Restaurant information
- Location: Boston, Massachusetts, United States
- Coordinates: 42°21′29″N 71°03′31″W﻿ / ﻿42.3581°N 71.0587°W

= The Alley Bar =

Gay bar in Boston, Massachusetts, U.S.

The Alley Bar (also known as Alley Bar and The Alley) is a gay bar in Boston, in the U.S. state of Massachusetts.

== Description and reception ==
The "unabashedly queer" bar hosts regular parties such as Casual Fridays and Fuzz, as well as disc jockeys playing music ranging from Top 40 to "artsy" indie pop. Boston magazine says, "You won't find interloping bachelorette parties at this veteran watering hole, secreted away downtown. What you will find are refreshing vestiges of a time before gay bars got gentrified: cheap drinks, little pretense, and dancing throngs—not to mention an abundance of pheromones".

In 2018, Dana Hatic of Eater Boston said the Alley "is known as a flannel-filled 'den of Boston bears'" and said Fuzz has DJ Brent Covington and DJ Taffy playing "a mix of pop, rock, and dance music of all eras, plus some British pop and punk". The Alley was named Best Gay Bar by Boston magazine in 2019.

In a 2021 list of Boston's best gay bars, Jillian Dara and Linda Laban of Time Out Boston wrote: "Nestled inside Downtown Crossing, near what is unofficially Boston's wild weekend drinking district, this long-standing, bear-centric, leather bar offers dance, karaoke and trivia nights, as well as pool tables in a casual, sports bar-like atmosphere. The entrance is a little off the beaten path, but the name is a staple among the LGBTQ community, so once you're there, you'll know that you've arrived at the right spot. The bi-level space is constantly a buzz, packing in the crowds that always accumulate on weekends (and, when in season, the weekly communal RuPaul’s Drag Race viewing parties)."

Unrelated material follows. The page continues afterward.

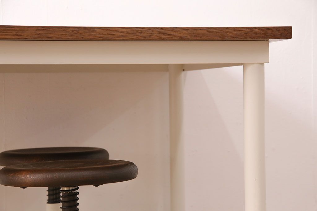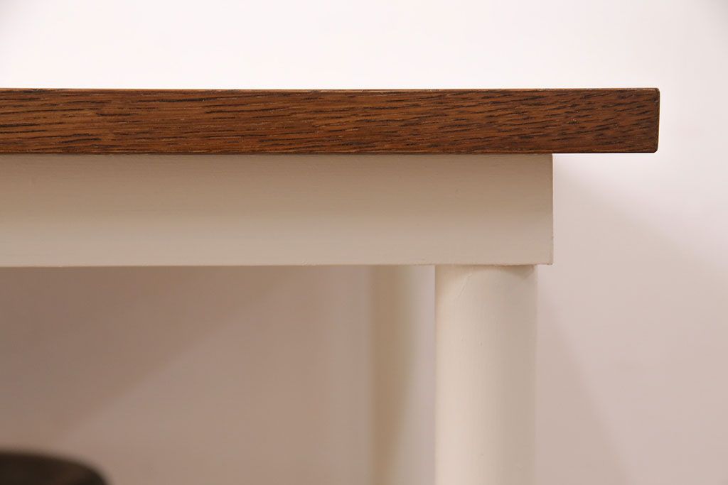 テーブル> 作業台 > 格納スツール4脚付きテーブルをリペア&カスタム!可動部の調整を行い、アンティークホワイトのペイント仕上げ。(ダイニングテーブル、作業台、椅子)

Meaghan Agnew and Jillian Hammell included the Alley in Thrillist's 2021 list of "The Best LGBTQ+ Bars and Parties in Boston", writing: "Give yourself extra time to get there, because The Alley's clandestine location requires significant sleuthing. But once you've discovered the hidden den, you've found your fellow bears. This is the place for weeknight trivia, late night beers (it closes at 2 am every night), and barely clothed dance parties. The once-grubby bathrooms got an upgrade a few years back, however the cash-only bar transactions remain."